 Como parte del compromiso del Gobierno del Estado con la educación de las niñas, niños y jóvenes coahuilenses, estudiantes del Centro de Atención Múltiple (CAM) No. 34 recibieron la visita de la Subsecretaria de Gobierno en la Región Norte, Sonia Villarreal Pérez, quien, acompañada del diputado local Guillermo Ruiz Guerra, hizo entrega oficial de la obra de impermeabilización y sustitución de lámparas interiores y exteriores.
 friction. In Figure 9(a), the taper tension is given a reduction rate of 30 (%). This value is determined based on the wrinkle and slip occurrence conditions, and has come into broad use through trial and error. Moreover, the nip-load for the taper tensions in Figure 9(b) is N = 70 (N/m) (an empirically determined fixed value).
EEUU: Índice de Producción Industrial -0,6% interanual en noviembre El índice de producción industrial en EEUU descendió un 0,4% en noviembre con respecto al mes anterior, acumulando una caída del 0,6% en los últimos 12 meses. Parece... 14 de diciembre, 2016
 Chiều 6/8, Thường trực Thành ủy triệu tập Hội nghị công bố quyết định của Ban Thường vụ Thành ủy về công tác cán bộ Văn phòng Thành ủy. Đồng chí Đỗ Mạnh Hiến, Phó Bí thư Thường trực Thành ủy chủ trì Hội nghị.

________

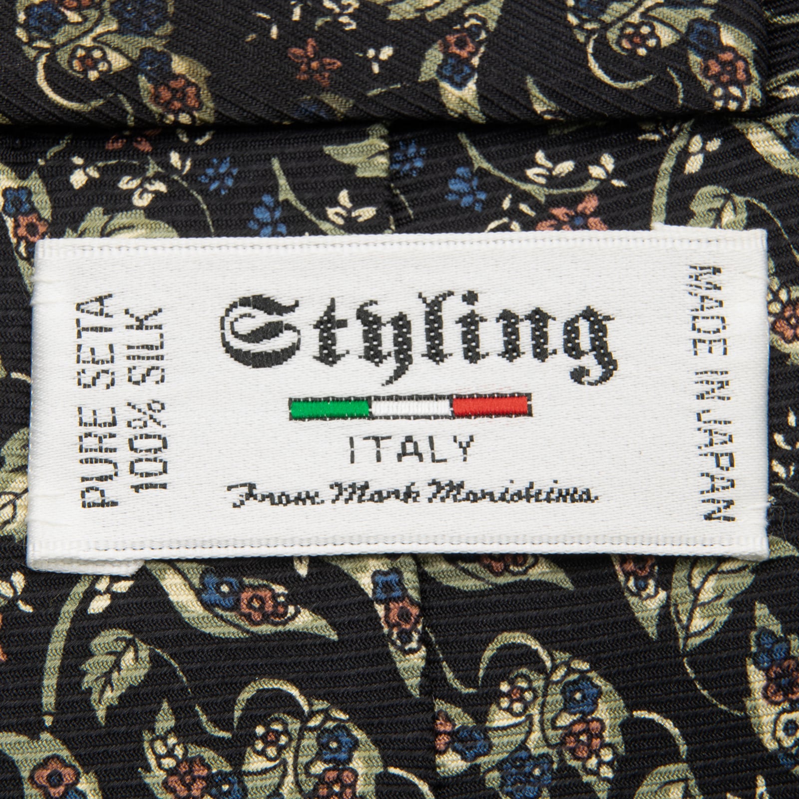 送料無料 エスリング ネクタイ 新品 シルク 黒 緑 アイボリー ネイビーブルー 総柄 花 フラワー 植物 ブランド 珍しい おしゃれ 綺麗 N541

________

## Exercise
Once you find the line with "EEUU: Índice de" in the entries above, output it and each line after it up to and including the line with "Chiều 6/8, Thường", and nothing else.

## Response to this task
EEUU: Índice de Producción Industrial -0,6% interanual en noviembre El índice de producción industrial en EEUU descendió un 0,4% en noviembre con respecto al mes anterior, acumulando una caída del 0,6% en los últimos 12 meses. Parece... 14 de diciembre, 2016
 Chiều 6/8, Thường trực Thành ủy triệu tập Hội nghị công bố quyết định của Ban Thường vụ Thành ủy về công tác cán bộ Văn phòng Thành ủy. Đồng chí Đỗ Mạnh Hiến, Phó Bí thư Thường trực Thành ủy chủ trì Hội nghị.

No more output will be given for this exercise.